Task objective | Everything below from the line with "眺めの良い景色は、タワーマン" through the line with "The Cross is scrolled" should be copied exactly, and nothing else; leave out the pictures.

Material to process |
↓

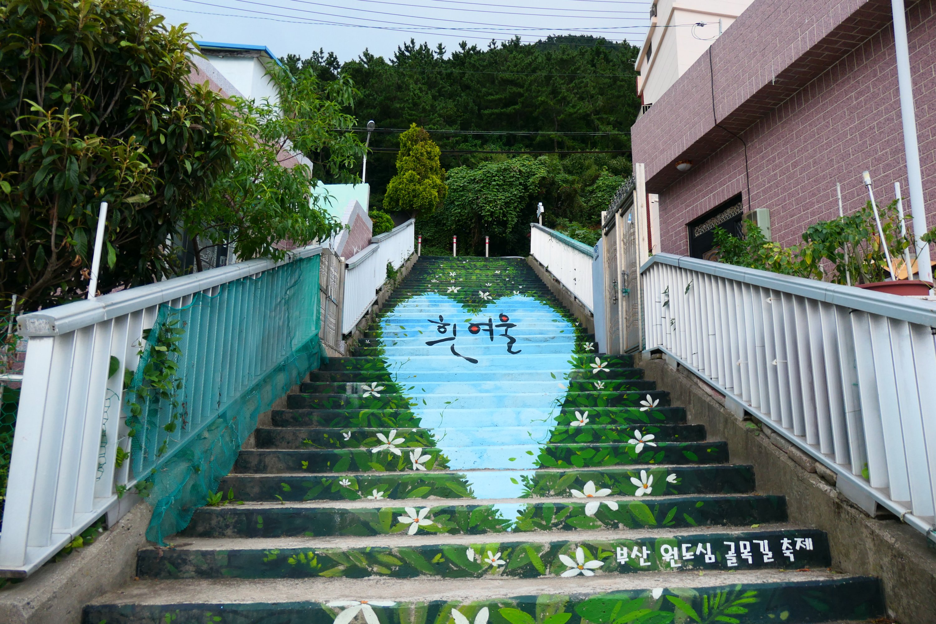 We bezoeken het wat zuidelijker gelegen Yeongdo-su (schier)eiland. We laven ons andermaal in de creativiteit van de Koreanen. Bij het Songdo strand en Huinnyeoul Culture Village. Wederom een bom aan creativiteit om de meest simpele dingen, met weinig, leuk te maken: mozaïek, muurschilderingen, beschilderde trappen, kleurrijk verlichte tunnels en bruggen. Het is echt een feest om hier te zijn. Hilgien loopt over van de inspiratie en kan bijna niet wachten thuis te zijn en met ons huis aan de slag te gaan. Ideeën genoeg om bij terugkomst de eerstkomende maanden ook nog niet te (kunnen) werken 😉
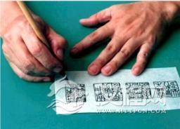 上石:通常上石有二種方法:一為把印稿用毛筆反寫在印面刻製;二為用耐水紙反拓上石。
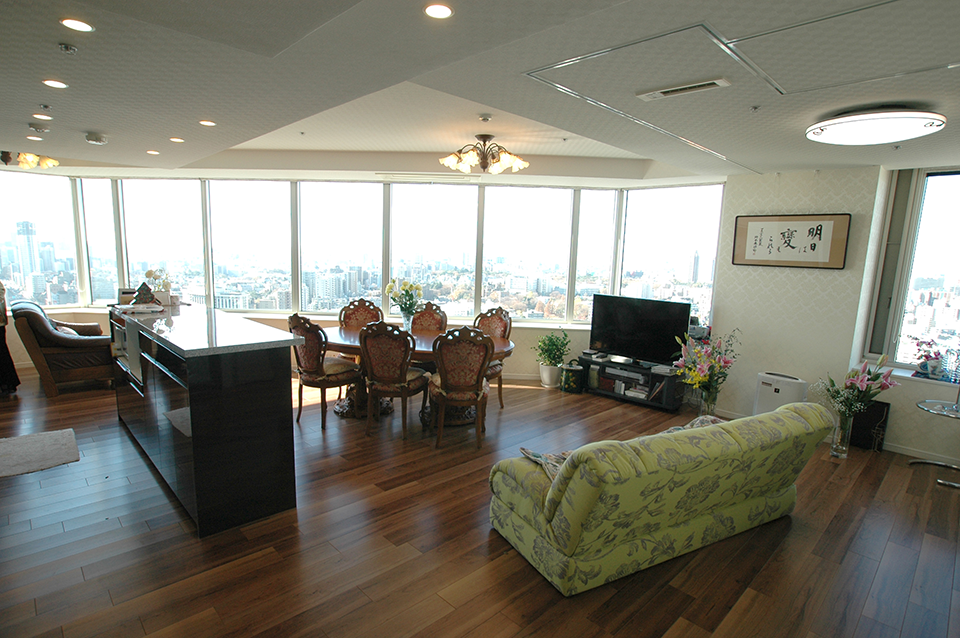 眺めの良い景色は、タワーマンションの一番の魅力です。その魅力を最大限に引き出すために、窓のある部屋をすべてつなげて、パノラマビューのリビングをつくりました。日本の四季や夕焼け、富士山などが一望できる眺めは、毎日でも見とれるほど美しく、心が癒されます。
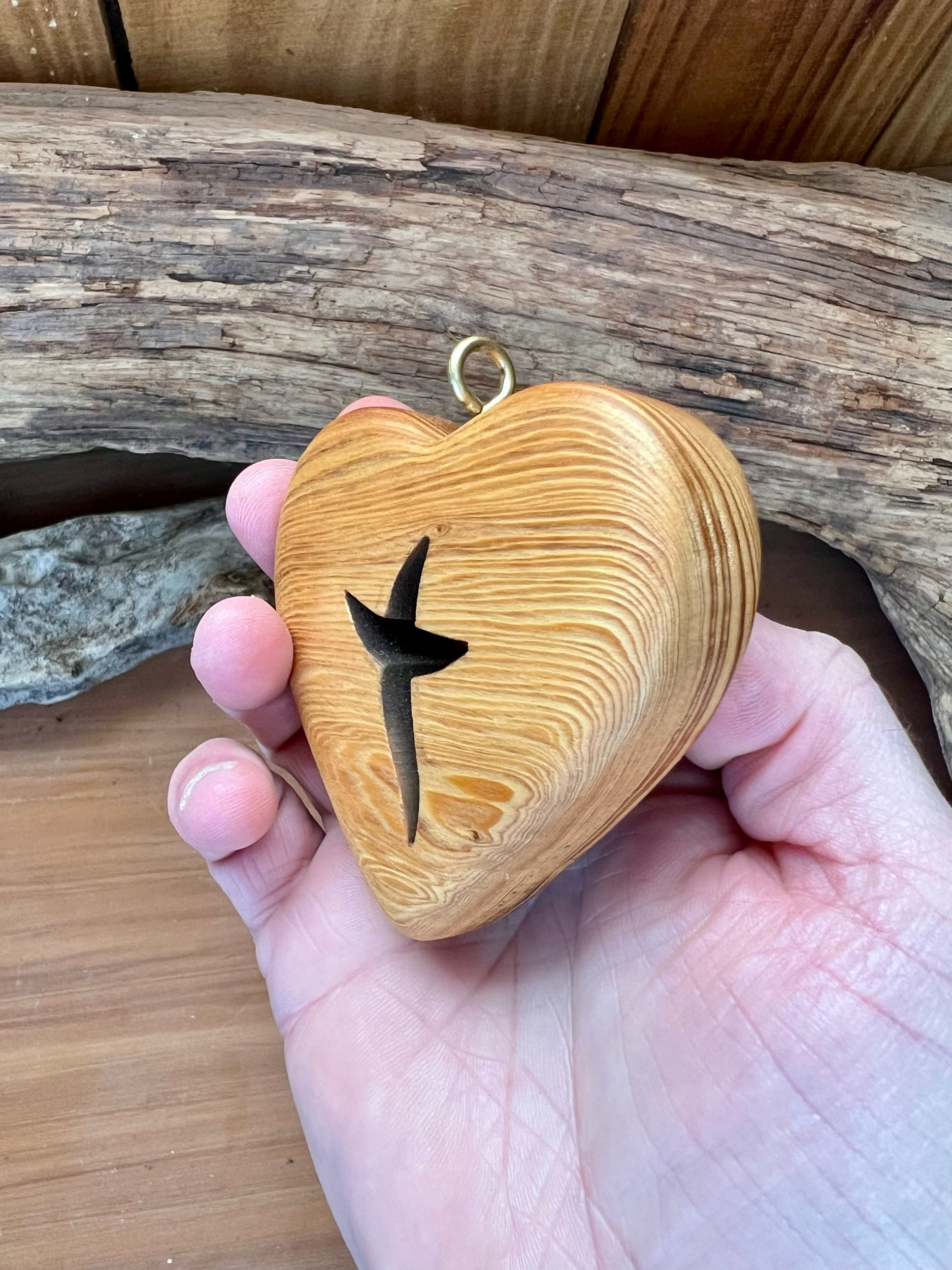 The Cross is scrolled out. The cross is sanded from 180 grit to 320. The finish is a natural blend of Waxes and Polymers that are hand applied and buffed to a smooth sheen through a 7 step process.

↑
↓

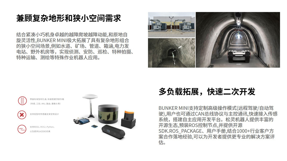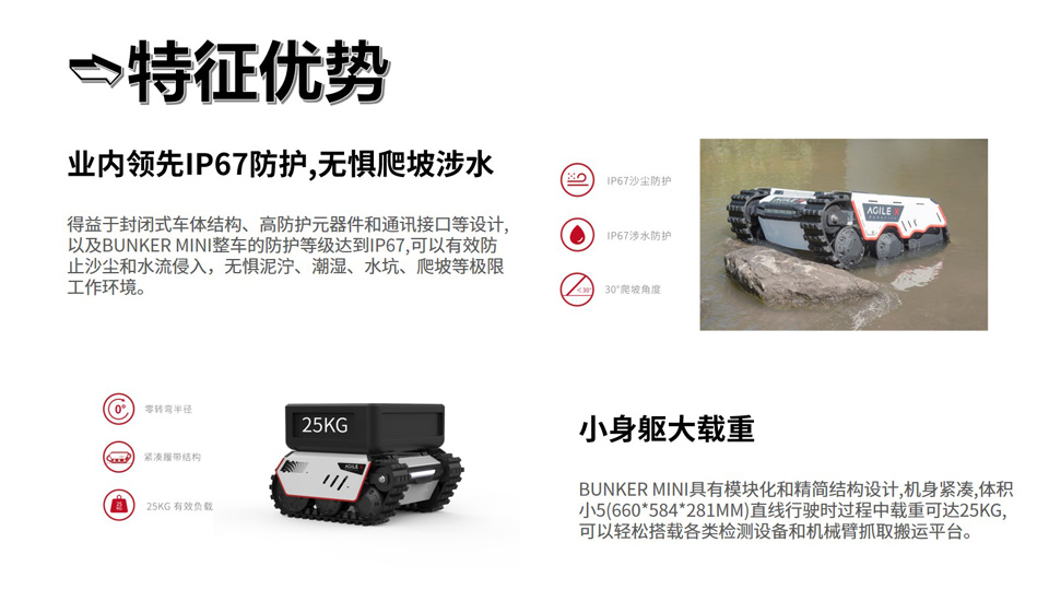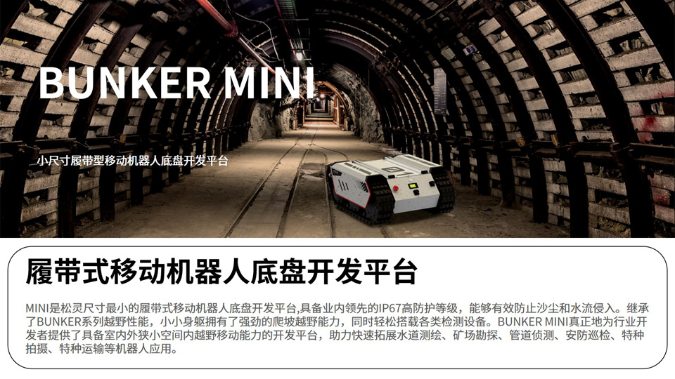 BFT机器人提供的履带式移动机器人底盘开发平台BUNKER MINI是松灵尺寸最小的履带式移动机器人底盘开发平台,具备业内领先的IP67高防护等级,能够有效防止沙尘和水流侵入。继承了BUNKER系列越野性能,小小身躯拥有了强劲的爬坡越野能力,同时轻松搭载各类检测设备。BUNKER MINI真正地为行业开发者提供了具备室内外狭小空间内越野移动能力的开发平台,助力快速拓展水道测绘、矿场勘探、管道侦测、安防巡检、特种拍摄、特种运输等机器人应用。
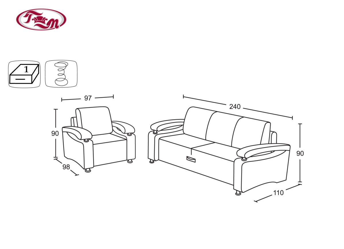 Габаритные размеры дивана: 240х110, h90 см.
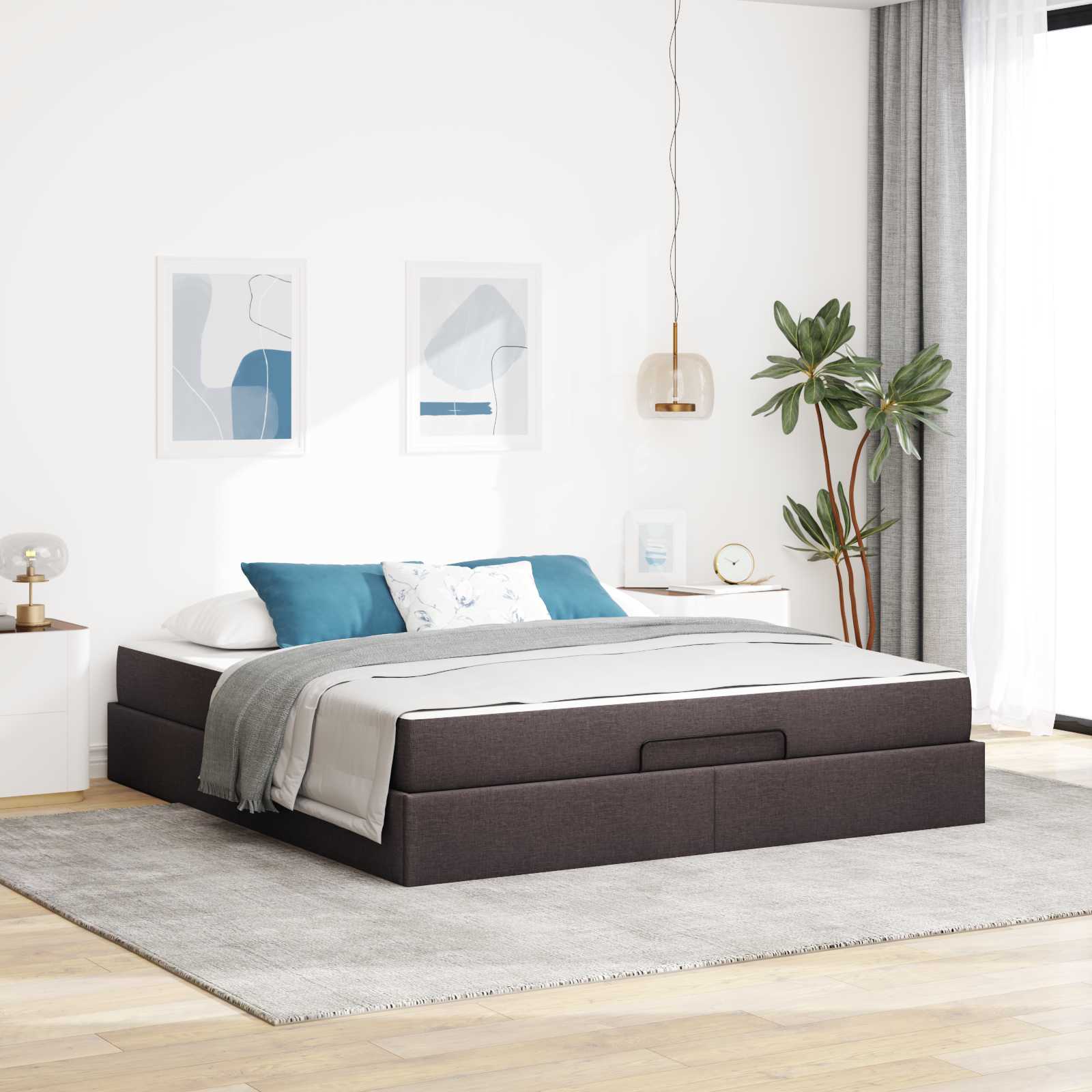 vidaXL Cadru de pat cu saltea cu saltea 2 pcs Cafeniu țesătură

↑

Task answer |
 眺めの良い景色は、タワーマンションの一番の魅力です。その魅力を最大限に引き出すために、窓のある部屋をすべてつなげて、パノラマビューのリビングをつくりました。日本の四季や夕焼け、富士山などが一望できる眺めは、毎日でも見とれるほど美しく、心が癒されます。
 The Cross is scrolled out. The cross is sanded from 180 grit to 320. The finish is a natural blend of Waxes and Polymers that are hand applied and buffed to a smooth sheen through a 7 step process.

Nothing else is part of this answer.